**WORK REQUEST:**
Omit the pictures and reproduce the rest of the listing exactly.

**DATASET EXTRACT:**
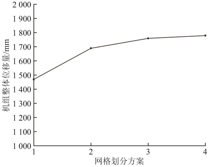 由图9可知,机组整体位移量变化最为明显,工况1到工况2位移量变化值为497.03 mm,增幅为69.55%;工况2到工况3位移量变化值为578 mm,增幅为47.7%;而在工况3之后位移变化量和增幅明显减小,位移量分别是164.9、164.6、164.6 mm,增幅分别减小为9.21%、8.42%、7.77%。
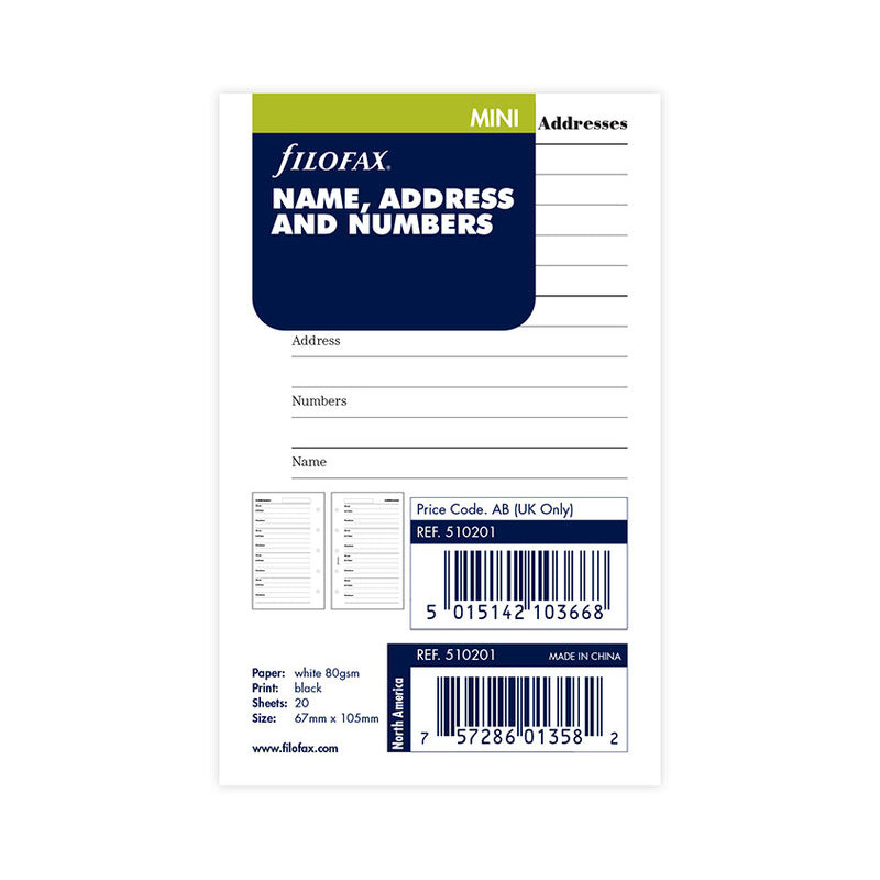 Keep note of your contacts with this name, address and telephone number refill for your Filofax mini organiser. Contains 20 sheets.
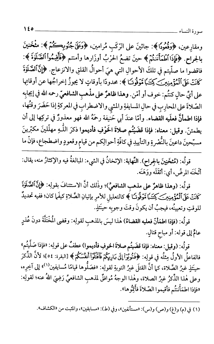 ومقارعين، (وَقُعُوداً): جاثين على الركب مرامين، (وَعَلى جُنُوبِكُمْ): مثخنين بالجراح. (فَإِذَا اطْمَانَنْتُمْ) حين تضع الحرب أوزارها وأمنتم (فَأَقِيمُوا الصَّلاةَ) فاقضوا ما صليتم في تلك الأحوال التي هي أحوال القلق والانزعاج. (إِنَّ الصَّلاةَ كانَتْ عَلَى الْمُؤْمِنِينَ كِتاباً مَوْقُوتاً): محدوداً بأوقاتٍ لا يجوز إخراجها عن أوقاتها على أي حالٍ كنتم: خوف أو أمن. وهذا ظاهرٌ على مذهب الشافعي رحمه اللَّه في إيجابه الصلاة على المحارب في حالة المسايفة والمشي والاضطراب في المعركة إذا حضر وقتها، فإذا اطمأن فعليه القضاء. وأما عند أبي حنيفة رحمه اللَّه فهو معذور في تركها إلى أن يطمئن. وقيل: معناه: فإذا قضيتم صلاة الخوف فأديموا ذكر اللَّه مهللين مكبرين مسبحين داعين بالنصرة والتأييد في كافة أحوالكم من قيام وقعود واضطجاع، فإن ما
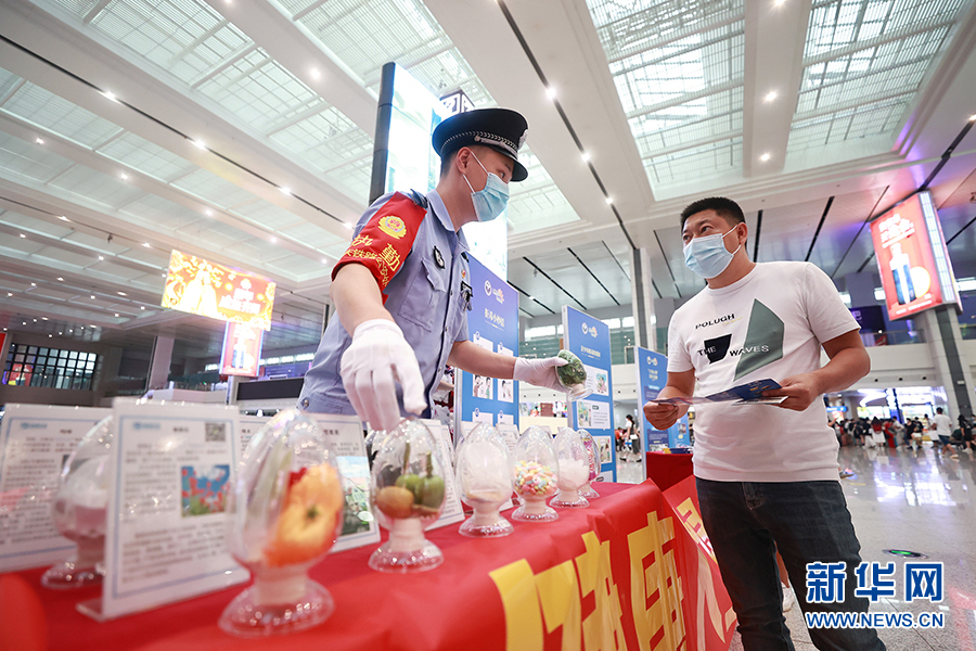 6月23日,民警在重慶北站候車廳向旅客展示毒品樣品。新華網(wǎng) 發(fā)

**WRITTEN SOLUTION:**
 由图9可知,机组整体位移量变化最为明显,工况1到工况2位移量变化值为497.03 mm,增幅为69.55%;工况2到工况3位移量变化值为578 mm,增幅为47.7%;而在工况3之后位移变化量和增幅明显减小,位移量分别是164.9、164.6、164.6 mm,增幅分别减小为9.21%、8.42%、7.77%。
 Keep note of your contacts with this name, address and telephone number refill for your Filofax mini organiser. Contains 20 sheets.
 ومقارعين، (وَقُعُوداً): جاثين على الركب مرامين، (وَعَلى جُنُوبِكُمْ): مثخنين بالجراح. (فَإِذَا اطْمَانَنْتُمْ) حين تضع الحرب أوزارها وأمنتم (فَأَقِيمُوا الصَّلاةَ) فاقضوا ما صليتم في تلك الأحوال التي هي أحوال القلق والانزعاج. (إِنَّ الصَّلاةَ كانَتْ عَلَى الْمُؤْمِنِينَ كِتاباً مَوْقُوتاً): محدوداً بأوقاتٍ لا يجوز إخراجها عن أوقاتها على أي حالٍ كنتم: خوف أو أمن. وهذا ظاهرٌ على مذهب الشافعي رحمه اللَّه في إيجابه الصلاة على المحارب في حالة المسايفة والمشي والاضطراب في المعركة إذا حضر وقتها، فإذا اطمأن فعليه القضاء. وأما عند أبي حنيفة رحمه اللَّه فهو معذور في تركها إلى أن يطمئن. وقيل: معناه: فإذا قضيتم صلاة الخوف فأديموا ذكر اللَّه مهللين مكبرين مسبحين داعين بالنصرة والتأييد في كافة أحوالكم من قيام وقعود واضطجاع، فإن ما
 6月23日,民警在重慶北站候車廳向旅客展示毒品樣品。新華網(wǎng) 發(fā)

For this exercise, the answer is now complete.